To fulfill this mission, 13 departments at TU Darmstadt from the fields of mechanical engineering, materials science, civil and environmental engineering, and law and economics have organized themselves into a joint project.

“With the Additive Manufacturing Center (AMC), we are opening a place of lived cooperation and a place of innovation,” said TU President Professor Tanja Brühl. “Potentials of interdisciplinary research and new technologies will be made available for application, especially by small and medium-sized enterprises. Along the entire digital process chain from product creation to recycling, the AMC enables close cooperation and co-production between science and industry – in line with TU Darmstadt’s xchange philosophy.”
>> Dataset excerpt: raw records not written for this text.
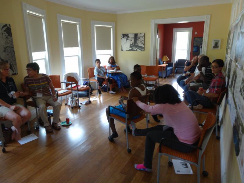We began our second year of collaboration with the Seedfolk youth program and their terrific group of Southwest youth, who will be here twice weekly over the summer growing vegetables in the garden. And we hosted a 'leaderful' group of middle school students, staff and the principal of School 17 for two days of Dr. King's nonviolence with returning visiting Seattle trainer Jonathan Lewis and two great Seattle undergrads earlier this week. The collaboration with #17 continues in the fall with daily programming for these students and others, to build leadership, social emotional skills, peer mediation and restorative approaches.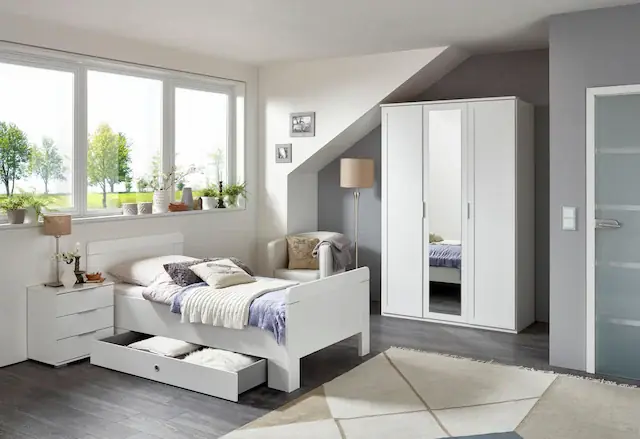 Mitteltüren mit Spiegel-Auflage. Edle Kranzleiste. Außentüren mit Aufleistungen. Tiefe/Höhe: 58/212 cm
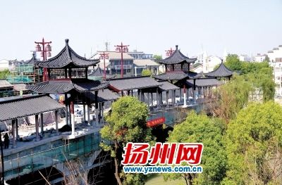 古运河上再添一座古色古香的桥梁。备受市民关注的跃进桥在快车道通车后,景观长廊亭打造接近尾声。5月23日,桥两侧廊亭施工脚手架、网罩基本拆除,十分古典、与扬州古城风貌融合的景观廊桥展露芳容。据悉,整个工程将在本月底全部完成。 (沈扬生)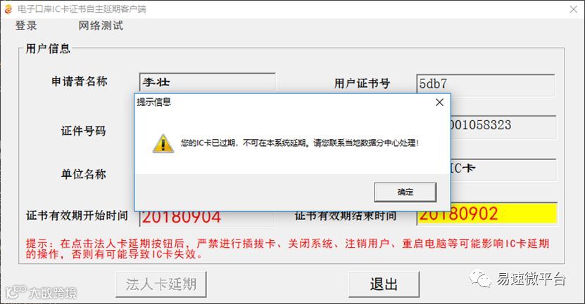 如果IC卡有效期已经过期,则不能在本系统延期,请您联系当地数据分中心处理。如下图所示:

The new technology center features the latest equipment and software for additive manufacturing, including advanced 3D printers, CAD software and other state-of-the-art tools. A unique feature is that the entire manufacturing process chain – starting with the raw materials, through component design and the printing process, right up to quality control – is represented in one building. This allows both students and industry employees to gain hands-on experience with the latest technologies and techniques in the field of digitally supported manufacturing chains.

The innovative AMC will offer high-quality training workshops and provide cooperation opportunities. In this way, regional medium-sized companies in particular will gain access to the scientific and technological potential of TU Darmstadt in newly developed additive manufacturing processes.
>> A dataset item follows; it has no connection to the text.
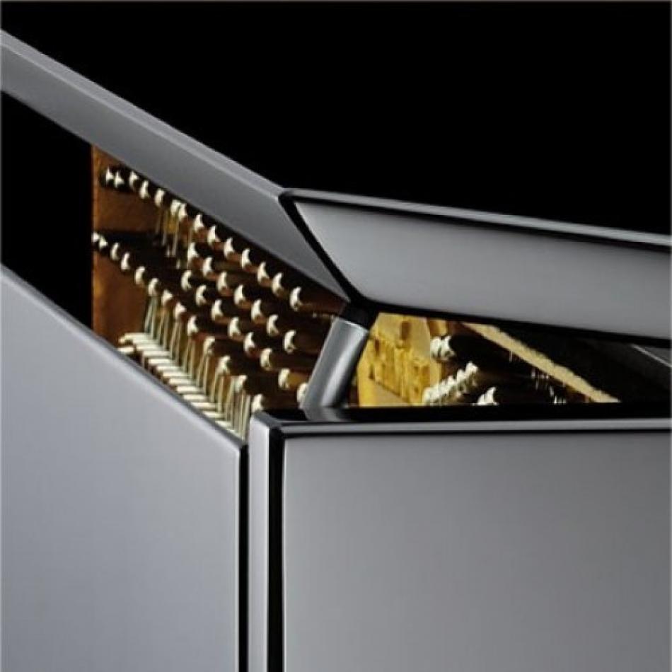 Neue Fertigungstechniken und Materialien – wie das als Kontrapunkt zum polierten Klavierlack eingesetzte Aluminium – unterstreichen die wesentlichen Elemente des Instruments.

“With 3D printing, the AMC addresses one of the most innovative production technologies that will permanently change our production methods. The focus on education and training ensures that the innovative technology and know-how will be available to many skilled workers of the future,” says State Secretary for Economic Affairs Dr. Philipp Nimmermann.

In just under two years of construction, a new building with 1,160 square meters of usable space was erected for this purpose on Ottilie-Bock-Strasse on the Lichtwiese campus. The building offers office space for cooperative working, seminar rooms for training and further education, and laboratory and test areas for powder production, additive manufacturing, post-processing, and materials and component analysis. The project has a total budget of 17.7 million euros. TU will receive funding of €8.85 million from the European Regional Development Fund (ERDF) for the project.
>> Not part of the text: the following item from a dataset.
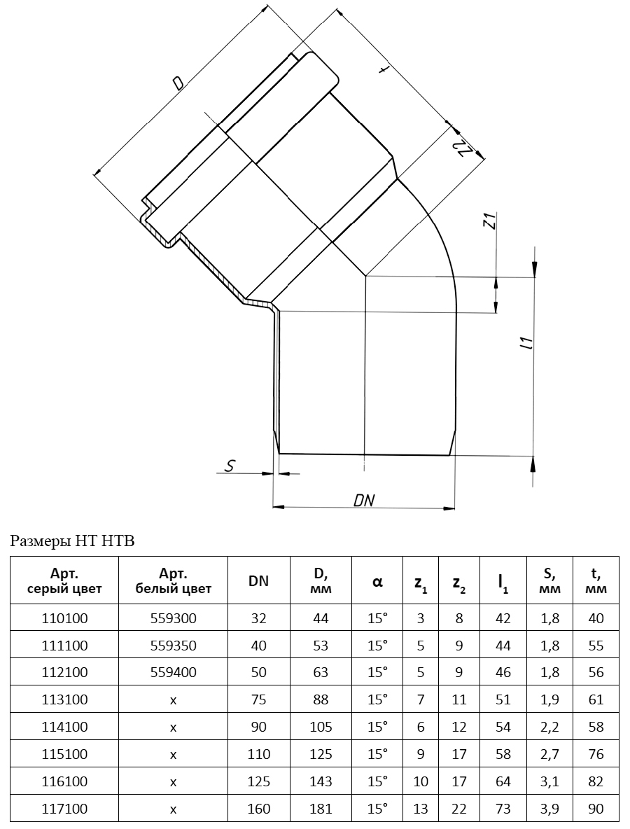 Отвод канализационный PP-H Ostendorf HT HTB DN 32х15° цвет серый

“The AMC is designed as a hub for education, training and cooperation between industry and TU Darmstadt,” says Professor Matthias Oechsner, one of the initiators of the AMC. “We are convinced that this center, as a place for joint development projects, will make a valuable contribution to accelerating the transfer of technology and knowledge from academic research to industrial application.”

The training workshops offered at the Technology Center are designed and led across disciplines by experts from Darmstadt Technical University. Participants learn about the most diverse types of manufacturing technologies and gain practical experience in the respective digital and real process steps – from conception to the finished product. In addition to basics such as work safety and process control, the workshops offered also cover advanced topics such as the use of machine learning for faster process adaptation, post-processing, as well as materials analytics and component testing.

3D printing is a real technology of the future that is becoming increasingly important. Here, workpieces are no longer produced by material removal, but by applying material layer by layer – “printing” – until the desired shape is completed. The technology saves costs and material, reduces production waste, gives a high degree of design freedom, shortens production times and enables the manufacture of small quantities and highly individual products. For developers and users, this means a completely new way of thinking when designing new components compared to conventional production methods. This is where the AMC comes in. It imparts the necessary knowledge. In this way, the institution further strengthens the competitiveness of Hessian companies through its transfer activities.